目前,我正在使用下面的代码一次将~7-10个文件读入R控制台。
library(magrittr)
library(feather)
list.files("C:/path/to/files",pattern="\\.feather$") %>% lapply(read_feather)如何根据它们的唯一文件名将它们导入到独立的数据对象中?
例如。
accounts_jan.feather
users_jan.feather
-> read feather function -> hold in working memory as:
accounts_jan_df
users_jan_df谢谢。
发布于 2017-02-01 05:21:26
这看起来像是试图用管道(https://github.com/hrbrmstr/rstudioconf2017/blob/master/presentation/writing-readable-code-with-pipes.key.pdf)做太多的事情。
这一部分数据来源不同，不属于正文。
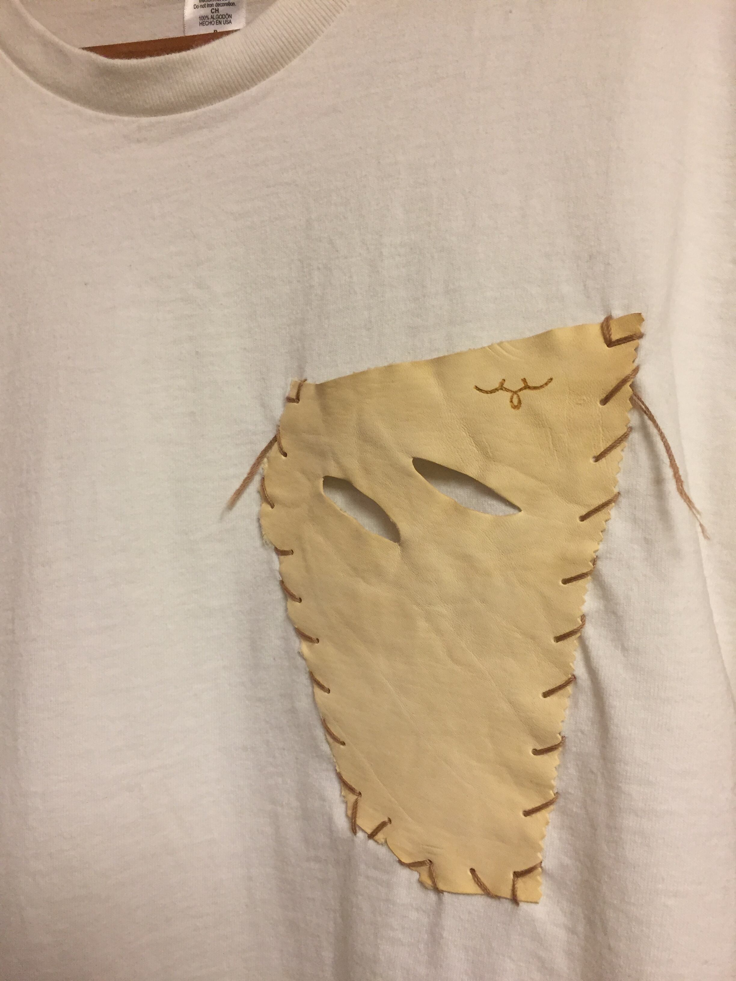 Medicne定番ヘビーウエイト米綿 Tシャツにベジタブルタンニング馬革の一頭で5〜6枚しか取れない稀少な部位の自然な状態のダメージをそのままポケットに生かして麻糸ハンドステッチ縫製し、ブランドマークをハンドブランディング(手焼印の為個体差あり)を施しウォッシュ加工しています。綿100% ポケット馬革 USサイズS(日本M)

我建议将您的流程稍微细分一下:
# Get vector of files
files <- list.files("C:/path/to/files", pattern = "\\.feather$")
# Form object names
object_names <-
files %>%
basename %>%
file_path_sans_ext
# Read files and add to environment
lapply(files,
read_feather) %>%
setNames(object_names) %>%
list2env()如果您确实必须使用单个管道执行此操作,则应该使用mapply,因为它有一个USE.NAMES参数。
list.files("C:/path/to/files", pattern = "\\feather$") %>%
mapply(read_feather,
.,
USE.NAMES = TRUE,
SIMPLIFY = FALSE) %>%
setNames(names(.) %>% basename %>% tools::file_path_sans_ext) %>%
list2env()就我个人而言,当我去做调试时,我发现第一种选择更容易理解(我不是管道中管道的粉丝)。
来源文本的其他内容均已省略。